▶ Directions for this task: Although the material holds pictures, none belong in the copy; transcribe exactly, and only, the lines from the one with "Featuring an off-white" through the end.

▶ Input data:
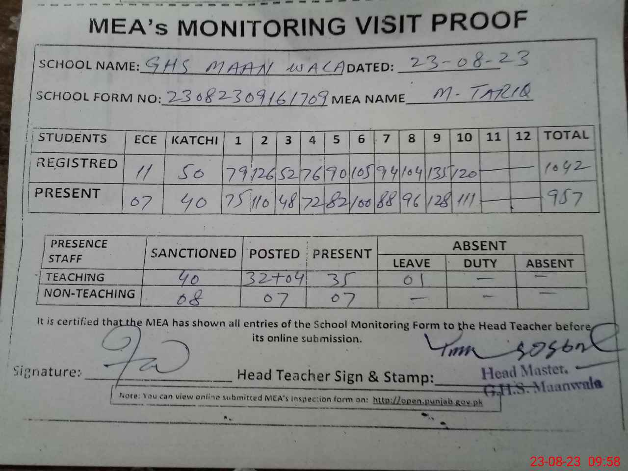 | Attendance Register | Head Teacher | MEA with School | Visit Proof |
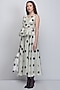 Featuring an off-white dress in cotton silk and chanderi base with voluminous peplum-style waist. Accentuate it with hoop earrings, handbag and elegant heels for art galleries, garden parties, formal dinners.
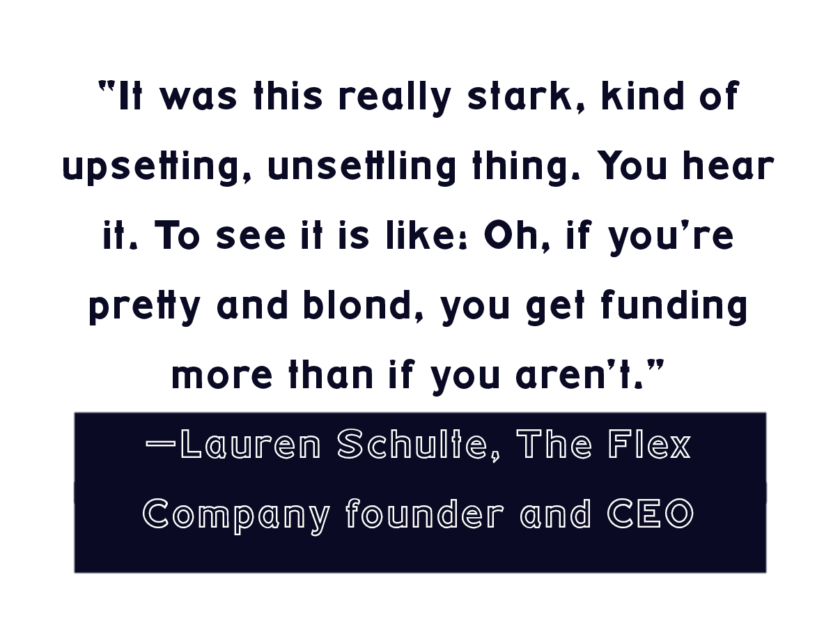 “It was so crazy walking in there because Erika and I looked at each other and we were like, ‘We’re all blonde,’” Schulte told me. “Most people were under 30. It was this really stark, kind of upsetting, unsettling thing. You hear it. To see it is like: Oh, if you’re pretty and blond, you get funding more than if you aren’t.”

▶ Task solution:
 Featuring an off-white dress in cotton silk and chanderi base with voluminous peplum-style waist. Accentuate it with hoop earrings, handbag and elegant heels for art galleries, garden parties, formal dinners.
 “It was so crazy walking in there because Erika and I looked at each other and we were like, ‘We’re all blonde,’” Schulte told me. “Most people were under 30. It was this really stark, kind of upsetting, unsettling thing. You hear it. To see it is like: Oh, if you’re pretty and blond, you get funding more than if you aren’t.”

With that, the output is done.